Waite’s kind reply came in April, urging Crowley to prayer and purity. He also encouraged him to read German mystic Karl von Eckartshausen (1752–1813), whose Der Wolke vor dem Heiligthume (1802) had recently been translated as The Cloud upon the Sanctuary (1896). Although Crowley always seemed to have a disparaging word or twenty about Waite’s occult scholarship,45 he admitted Waite’s impact upon his own life at this juncture:
Waite certainly did start a revival of interest in Alchemy, Magic, Mysticism, and all the rest. That his scholarship was so contemptible, his style so overloaded, and his egomania so outrageous does not kill to the point of extinction the worth of his contribution. If it had not been for Waite, I doubt if, humanly speaking, I should ever have got in touch with the Great Order. You may of course, if you like, go one step further, back to Anna Kingsford and Edward Maitland,46 but their work, superior as it is to him, lacked one great asset. They gave us no idea of the bulk of medieval literature. To go back further still, H. P. B.,47 genius as she was, was far too “oriental” to produce the necessary effect. Waite occupies a position not unlike that of Samuel Johnson. There is an omnivalence about him, which did just what was necessary at the time.48
Crowley took the man’s advice and purchased a copy of the book to read during Easter vacation.

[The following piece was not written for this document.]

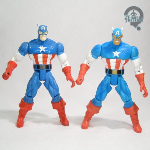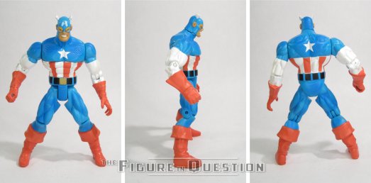There were seven Captain Americas in Toy Biz’s 5-inch line, and four of them were variations on the same figure.  This is one of those four.  The figure stands about 5 3/4 inches tall and he has 9 points of articulation.  His mold is a re-use of the Electro Spark release from the Spider-Man line in 1996.  The mold has its ups and its downs.  It was certainly one of Toy Biz’s favorites for the character, but it’s rather big and bulky, and he’s quite angry looking.  All that said, it’s got a sort of quaintness to it, and I find myself always enjoying it whenever I mess with it.  The sculpt remains unchanged here, so this figure has two notable change-ups.  Firstly, there’s the paint work.  The actual paint masks remain the same as the Electro Spark version, but the colors themselves have changed.  The blue is notably a much brighter shade, his skin isn’t quite as pale, and the white sections have a more pearlescent sheen.  On my copy, the general application also seems to be a little cleaner than his earlier release.  It’s just a much better set-up than the prior figure, and really the best this mold got to look.  The other change-up is on the accessories, or rather accessory.  He drops the weird transforming armor bit, and instead of the really thick light-up shield, he gets a more proper version, which is similar to the one with the Marvel vs Capcom figure, but less fragile.
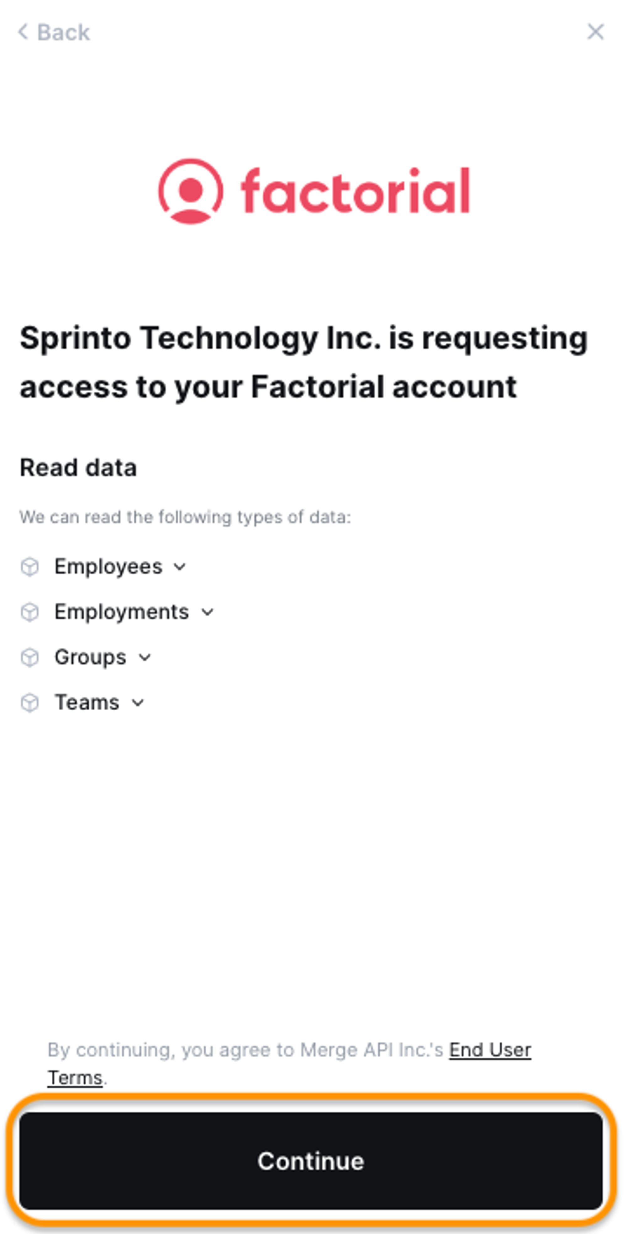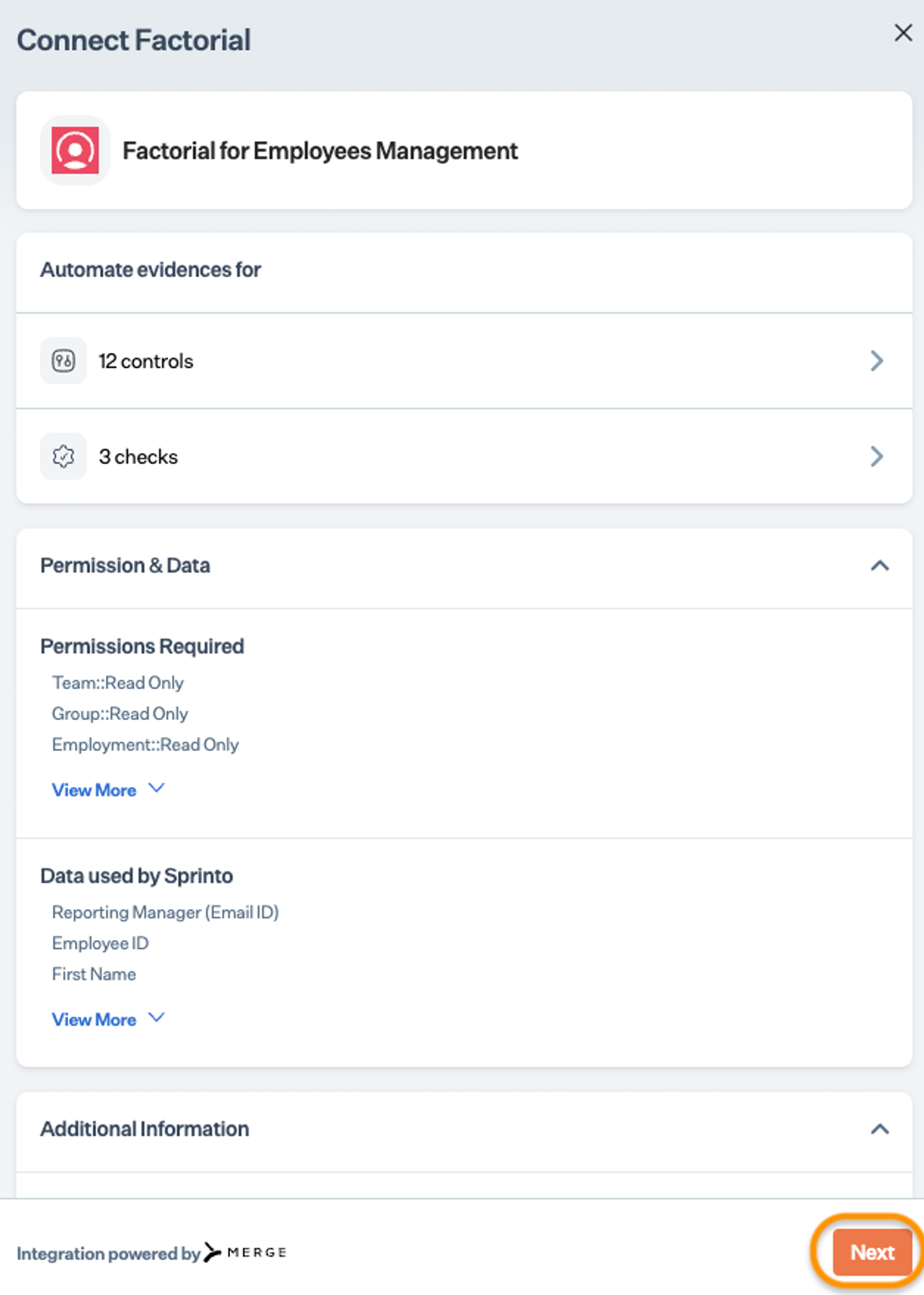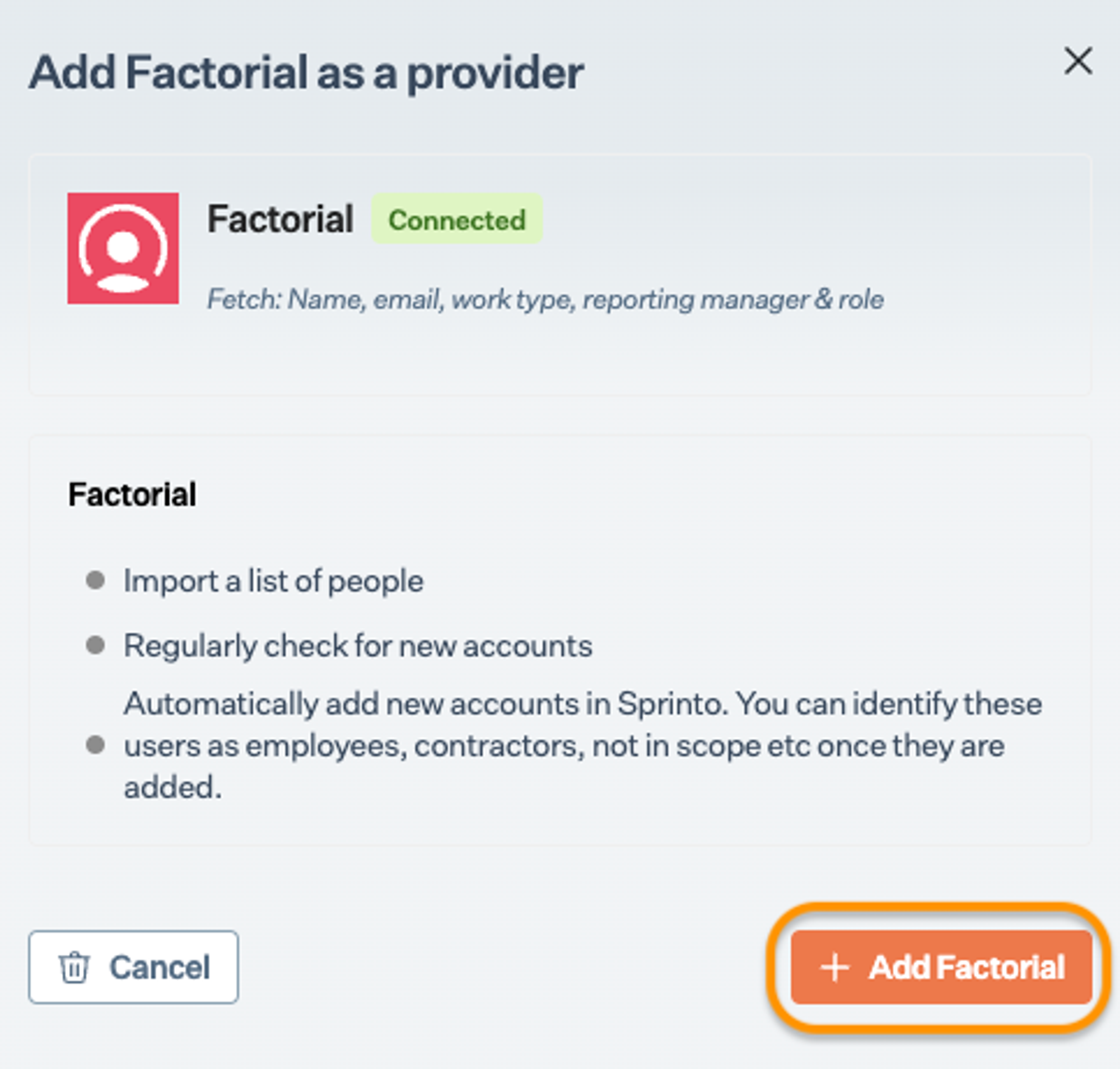 Integrate Sprinto with Factorial

That holiday at Wastdale Head with Pollitt was clumsy and awkward. Although they walked the fells together, they spent much of their time apart. Pollitt refused to join AC in any climbing, and Crowley spent the rest of his spare time reading. Although he admired Crowley’s mind, Pollitt feared that his spiritual pursuits would drive them apart. As Crowley recalled, Jerome “fought most desperately against my increasing preoccupation with the aspiration in which he recognized the executioner of our friendship.”49
That hangman was Eckartshausen’s book. Written in the form of six letters, The Cloud upon the Sanctuary spelled out the existence of the mystic academy that Waite had hinted at. Toward the end of the first letter, AC read:
A more advanced school has always existed to which the deposition of all science has been confided, and this school was the community illuminated interiorly by the Saviour, the Society of the Elect, which has continued from the first day of creation to the present time; its members, it is true, are scattered all over the world, but they have always been united by one spirit and one truth.

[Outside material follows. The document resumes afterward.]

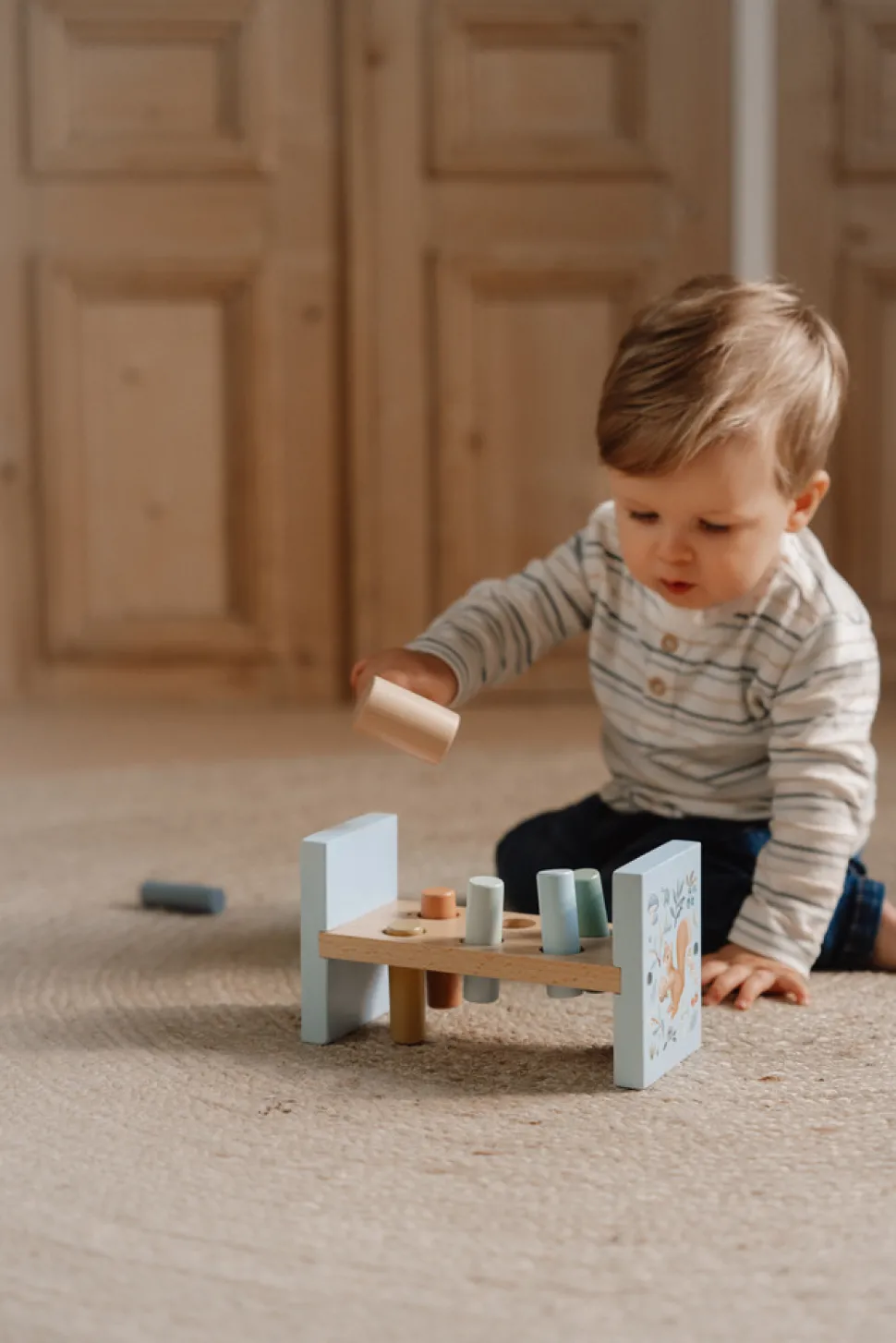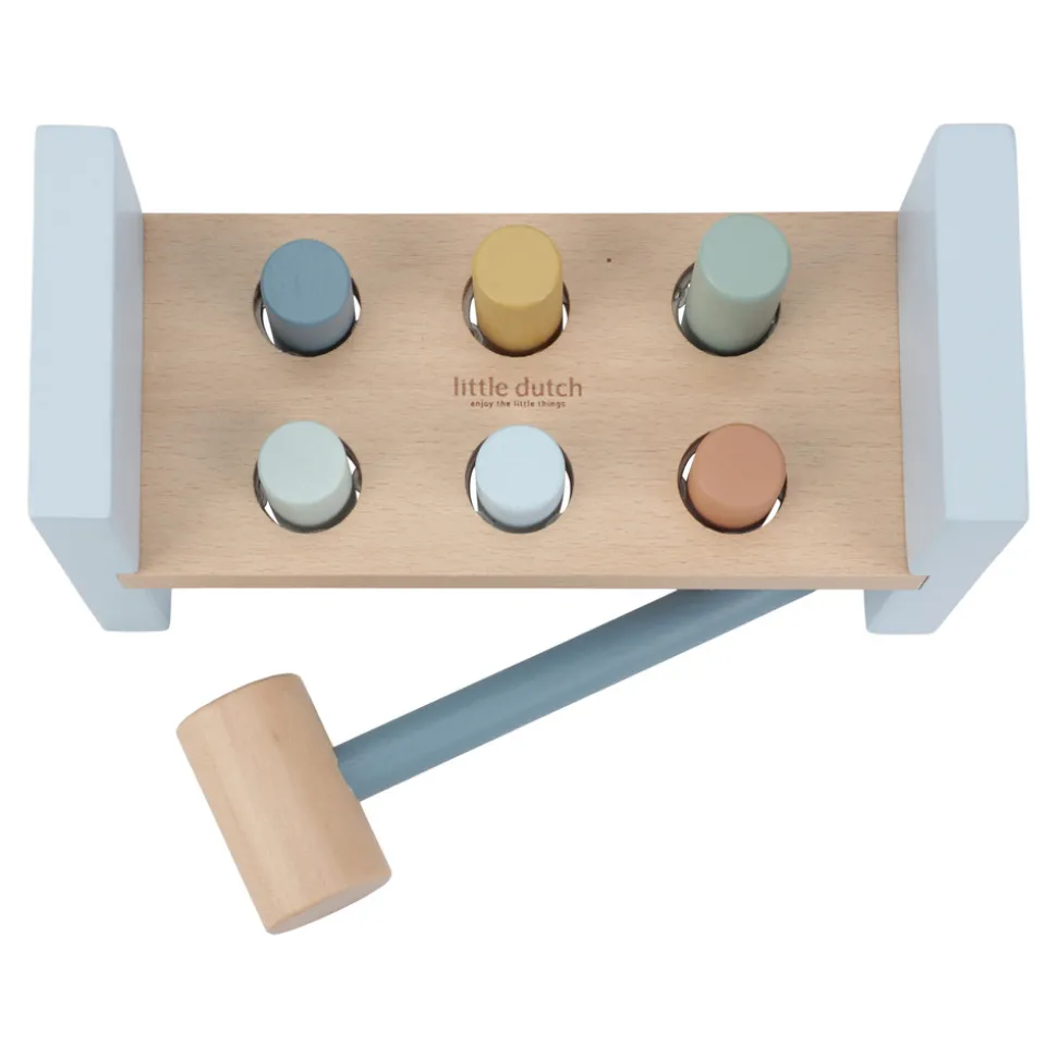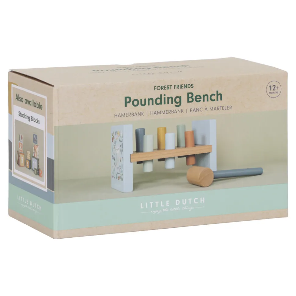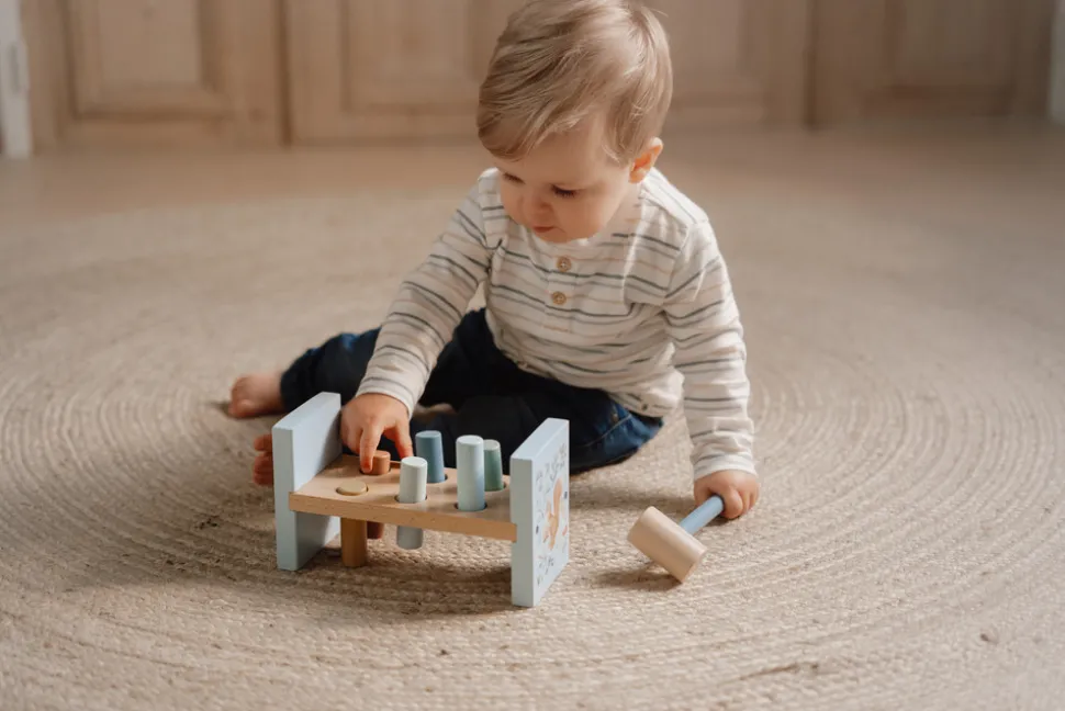 Bank, bank, bank! Brug hammeren til at slå de 6 farvede pinde ned i træbænken, og udforsk magien i Forest Friends. Når de alle er banket i, vend da bænken om, og begynd forfra! Dette er en rigtig god øvelse til udvikling af motorikken, som helt sikkert vil underholde dit barn i et stykke tid.

The second letter was more explicit:
This community possesses a School, in which all who thirst for knowledge are instructed by the Spirit of Wisdom itself; and all the mysteries of God and of nature are preserved therein for the children of light.50
In this school, knowledge was presented dressed in symbol and ceremony, so the student learned spiritual truths by degrees. It was exactly what he wanted. But how to find it? Crowley took the only tack he could imagine: he prayed and petitioned to God and the masters to lead him to the Sanctuary. As if on cue, he met Oscar Eckenstein (1859–1921)—a skilled mountaineer seventeen years older than Crowley—who would unwittingly set him on the right path.

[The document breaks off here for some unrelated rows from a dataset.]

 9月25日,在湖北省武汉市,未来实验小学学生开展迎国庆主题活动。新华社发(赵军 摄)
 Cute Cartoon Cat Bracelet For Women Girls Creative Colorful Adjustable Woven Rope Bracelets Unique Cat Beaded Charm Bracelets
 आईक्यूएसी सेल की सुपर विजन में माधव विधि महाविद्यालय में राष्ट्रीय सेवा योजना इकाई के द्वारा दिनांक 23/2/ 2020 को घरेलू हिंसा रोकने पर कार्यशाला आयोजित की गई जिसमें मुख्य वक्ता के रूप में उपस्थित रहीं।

Oscar Johannes Ludwig Eckenstein was born in Canonbury, Islington, on September 9, 1859, to the German Jewish refugee Frederick Gottlieb Eckenstein (c. 1821–1891) and his wife Julie Amalie Antonia Helmke (born c. 1831).51 Frederick fled Bonn in 1848 to avoid prosecution for his socialist activities,52 and in London he started the firm Kumpf & Eckenstein, exporting seeds, grain, oil paints, turpentine, and machinery to continental European cities like Antwerp, Paris, Bordeaux, and Hamburg.53 Oscar was the sixth of seven children,54 attending University College School and studying chemistry in both London and Bonn. Although he worked as a chemist, Eckenstein is better known as a civil engineer with the International Railway Congress Association.55 According to H. W. Hillhouse, he was “years ahead of the times in thought and scientific invention of devices for the betterment of railroading.”56 Crowley’s Confessions recount several of Eckenstein’s professional anecdotes.57 His line of work indeed gave Eckenstein something in common with Crowley’s uncle Jonathan, but it was his skill as a mountaineer that first impressed Aleister.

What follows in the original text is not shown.